Holding nurses accountable can be challenging. When you hold someone accountable, as the manager above tried to do, you are giving the staff member uncomfortable feedback about their behavior. You are, in effect, holding up a mirror to show them that what they said, did, or didn’t do isn’t acceptable. Sometimes staff shut down, and sometimes they fight back. Feedback can feel very unwelcome, especially if you don’t have a culture of feedback on the team. Sometimes staff has not had good role modeling in effective teamwork. The concept of “having someone’s back” may seem foreign if you are highly individualistic in your work.
So how can leaders help foster professional accountability in nursing around teamwork or any other challenge? The following are five essential strategies:
1. Be clear about professional role responsibilities and organizational goals
I had a wise mentor who once told me that when you are experiencing a leadership problem – go back to the basics as a starting point. I believe this to be true about professional accountability. Don’t assume that all professional nurses clearly understand their role or what is expected of them. You might be surprised if you ask questions at a staff meeting about the role of an RN to see what answers emerge, but more critically, what does not as part of role accountability. Your staff may not see teamwork as something they should be held accountable for.
2. Provide direction about how work should be accomplished
Being clear in leadership expectations can be one of the most difficult challenges. You may think you have been very clear about your expectations – only to learn that they were misunderstood. Nurses need to know from their leaders how the work should be accomplished, and saying it once is not enough. As much as possible, develop care delivery models that promote accountability. Patients want continuity in their care. Nurses should be assigned to the same patients or work with the same team when possible.
3. Develop clear standards and metrics against which professional performance is measured
Nurse leaders must seek staff commitment and set standards for role expectations. It is often said that what is measured is what is done, so be clear about how role expectations will be measured. These expectations should include work not only performance but also interpersonal skills. At this point, most health systems don’t make teamwork part of the nurse’s evaluation, but it should be.

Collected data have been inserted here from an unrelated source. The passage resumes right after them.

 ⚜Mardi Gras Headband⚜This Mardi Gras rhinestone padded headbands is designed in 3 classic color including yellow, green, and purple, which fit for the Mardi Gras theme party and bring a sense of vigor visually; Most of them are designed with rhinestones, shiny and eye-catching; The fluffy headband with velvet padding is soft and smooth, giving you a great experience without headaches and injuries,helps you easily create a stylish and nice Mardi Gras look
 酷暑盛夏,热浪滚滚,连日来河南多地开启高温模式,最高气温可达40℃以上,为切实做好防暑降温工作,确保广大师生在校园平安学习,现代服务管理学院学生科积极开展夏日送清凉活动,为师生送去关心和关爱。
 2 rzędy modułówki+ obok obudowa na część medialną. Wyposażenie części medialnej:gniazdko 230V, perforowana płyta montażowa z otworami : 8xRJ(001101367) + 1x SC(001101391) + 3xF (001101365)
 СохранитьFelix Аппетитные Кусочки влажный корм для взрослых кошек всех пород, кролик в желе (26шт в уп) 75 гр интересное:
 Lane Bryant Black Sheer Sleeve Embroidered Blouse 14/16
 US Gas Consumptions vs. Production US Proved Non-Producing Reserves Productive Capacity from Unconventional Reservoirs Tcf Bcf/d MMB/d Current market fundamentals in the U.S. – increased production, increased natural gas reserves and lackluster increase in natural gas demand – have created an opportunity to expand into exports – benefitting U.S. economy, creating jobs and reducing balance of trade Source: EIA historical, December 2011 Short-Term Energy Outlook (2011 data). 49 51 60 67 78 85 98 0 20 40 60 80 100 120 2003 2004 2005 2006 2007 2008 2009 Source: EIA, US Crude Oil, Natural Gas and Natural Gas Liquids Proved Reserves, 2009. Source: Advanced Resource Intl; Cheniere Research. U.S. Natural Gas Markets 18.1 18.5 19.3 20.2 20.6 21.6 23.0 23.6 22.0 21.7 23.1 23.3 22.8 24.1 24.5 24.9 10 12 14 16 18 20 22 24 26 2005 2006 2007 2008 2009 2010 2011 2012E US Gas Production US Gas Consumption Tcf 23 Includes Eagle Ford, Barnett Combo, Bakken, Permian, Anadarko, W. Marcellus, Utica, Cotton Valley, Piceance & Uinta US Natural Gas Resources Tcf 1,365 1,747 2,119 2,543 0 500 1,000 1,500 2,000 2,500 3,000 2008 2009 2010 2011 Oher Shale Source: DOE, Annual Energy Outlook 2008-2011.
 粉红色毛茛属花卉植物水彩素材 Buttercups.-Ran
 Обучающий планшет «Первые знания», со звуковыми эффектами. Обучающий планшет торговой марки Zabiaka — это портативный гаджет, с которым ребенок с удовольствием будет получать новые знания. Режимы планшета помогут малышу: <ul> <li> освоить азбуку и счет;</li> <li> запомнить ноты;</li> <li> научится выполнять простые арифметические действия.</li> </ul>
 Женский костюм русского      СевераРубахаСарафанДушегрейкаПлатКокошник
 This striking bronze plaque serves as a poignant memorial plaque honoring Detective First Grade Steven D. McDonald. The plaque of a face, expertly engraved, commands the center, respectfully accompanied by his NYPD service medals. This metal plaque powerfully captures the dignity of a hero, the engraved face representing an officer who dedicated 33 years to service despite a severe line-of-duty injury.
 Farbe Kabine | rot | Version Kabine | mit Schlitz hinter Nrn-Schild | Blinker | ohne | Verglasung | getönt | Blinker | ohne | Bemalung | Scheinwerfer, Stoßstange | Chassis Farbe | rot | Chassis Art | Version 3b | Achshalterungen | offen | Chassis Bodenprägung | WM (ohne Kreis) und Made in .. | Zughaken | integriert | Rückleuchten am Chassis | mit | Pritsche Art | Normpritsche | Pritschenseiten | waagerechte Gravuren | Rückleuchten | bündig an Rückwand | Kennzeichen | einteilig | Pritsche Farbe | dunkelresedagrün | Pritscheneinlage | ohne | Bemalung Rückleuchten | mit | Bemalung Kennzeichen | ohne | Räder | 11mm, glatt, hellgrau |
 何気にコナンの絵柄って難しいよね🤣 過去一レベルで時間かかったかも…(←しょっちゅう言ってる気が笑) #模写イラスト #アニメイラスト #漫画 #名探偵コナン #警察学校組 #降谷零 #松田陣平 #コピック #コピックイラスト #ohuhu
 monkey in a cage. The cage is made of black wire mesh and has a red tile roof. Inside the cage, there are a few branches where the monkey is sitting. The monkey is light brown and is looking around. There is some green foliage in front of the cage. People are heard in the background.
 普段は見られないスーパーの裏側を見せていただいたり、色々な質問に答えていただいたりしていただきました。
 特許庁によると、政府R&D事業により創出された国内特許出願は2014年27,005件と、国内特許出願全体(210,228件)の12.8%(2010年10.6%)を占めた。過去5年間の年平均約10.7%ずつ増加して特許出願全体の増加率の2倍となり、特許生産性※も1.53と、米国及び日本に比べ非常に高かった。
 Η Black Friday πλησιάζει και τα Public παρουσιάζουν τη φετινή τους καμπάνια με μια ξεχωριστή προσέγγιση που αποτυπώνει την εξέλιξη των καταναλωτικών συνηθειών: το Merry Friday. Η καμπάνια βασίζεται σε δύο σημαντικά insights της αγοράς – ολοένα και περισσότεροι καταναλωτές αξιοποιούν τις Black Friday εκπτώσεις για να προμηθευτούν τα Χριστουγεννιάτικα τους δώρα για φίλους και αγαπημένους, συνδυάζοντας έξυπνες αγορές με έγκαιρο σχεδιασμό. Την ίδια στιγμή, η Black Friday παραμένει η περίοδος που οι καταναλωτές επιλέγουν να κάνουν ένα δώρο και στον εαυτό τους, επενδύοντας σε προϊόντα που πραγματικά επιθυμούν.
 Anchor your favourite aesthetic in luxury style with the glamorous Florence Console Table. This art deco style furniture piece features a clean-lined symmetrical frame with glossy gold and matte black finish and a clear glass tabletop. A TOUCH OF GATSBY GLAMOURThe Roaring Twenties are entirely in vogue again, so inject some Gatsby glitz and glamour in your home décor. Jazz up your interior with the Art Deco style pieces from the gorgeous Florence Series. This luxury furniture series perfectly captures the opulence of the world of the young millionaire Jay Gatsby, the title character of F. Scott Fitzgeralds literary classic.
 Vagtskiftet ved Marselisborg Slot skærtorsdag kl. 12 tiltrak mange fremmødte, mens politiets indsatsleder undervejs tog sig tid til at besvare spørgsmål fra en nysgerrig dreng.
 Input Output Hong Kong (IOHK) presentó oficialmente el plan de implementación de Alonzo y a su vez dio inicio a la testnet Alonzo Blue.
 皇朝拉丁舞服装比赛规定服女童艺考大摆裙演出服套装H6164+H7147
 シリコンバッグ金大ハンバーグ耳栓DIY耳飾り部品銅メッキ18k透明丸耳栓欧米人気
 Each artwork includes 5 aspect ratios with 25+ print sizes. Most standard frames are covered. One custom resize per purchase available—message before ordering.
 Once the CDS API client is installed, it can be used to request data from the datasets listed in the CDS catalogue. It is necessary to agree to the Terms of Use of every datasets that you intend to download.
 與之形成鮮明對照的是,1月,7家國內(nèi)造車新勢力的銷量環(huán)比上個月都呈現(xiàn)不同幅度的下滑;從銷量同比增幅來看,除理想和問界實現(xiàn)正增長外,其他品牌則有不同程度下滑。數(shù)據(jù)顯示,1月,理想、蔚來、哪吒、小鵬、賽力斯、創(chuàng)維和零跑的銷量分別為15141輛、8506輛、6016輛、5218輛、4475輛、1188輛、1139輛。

4. Hold professionals accountable for their behavior
I believe that the biggest issue with professional accountability is that nurses are often not held accountable for their decisions and actions by their leaders. In the best possible world, professional staff would come to work and meet their performance expectations with little leadership intervention. Unfortunately, we are not living in that world, and nurse leaders do need to spend time coaching their staff. Early intervention with performance issues is critical, as is providing follow-up support.
5. Build a culture of accountability
Building a culture of professional accountability is crucial in promoting personal responsibility among staff. The staff knows when “good enough” is an organization’s culture. I have served as an expert witness for my state board of nursing in Florida. A disturbing fact that emerges when staff is brought up for disciplinary actions for failing to meet expected standards of care is their behavior is that unprofessional behavior has often been tolerated for an extended period by an employer. There needs to be team accountability for commitments and personal relationships.
Promoting professional accountability is much like parenting – it is not a one-and-done activity, but the small things you do as a leader daily to provide feedback that compounds over time.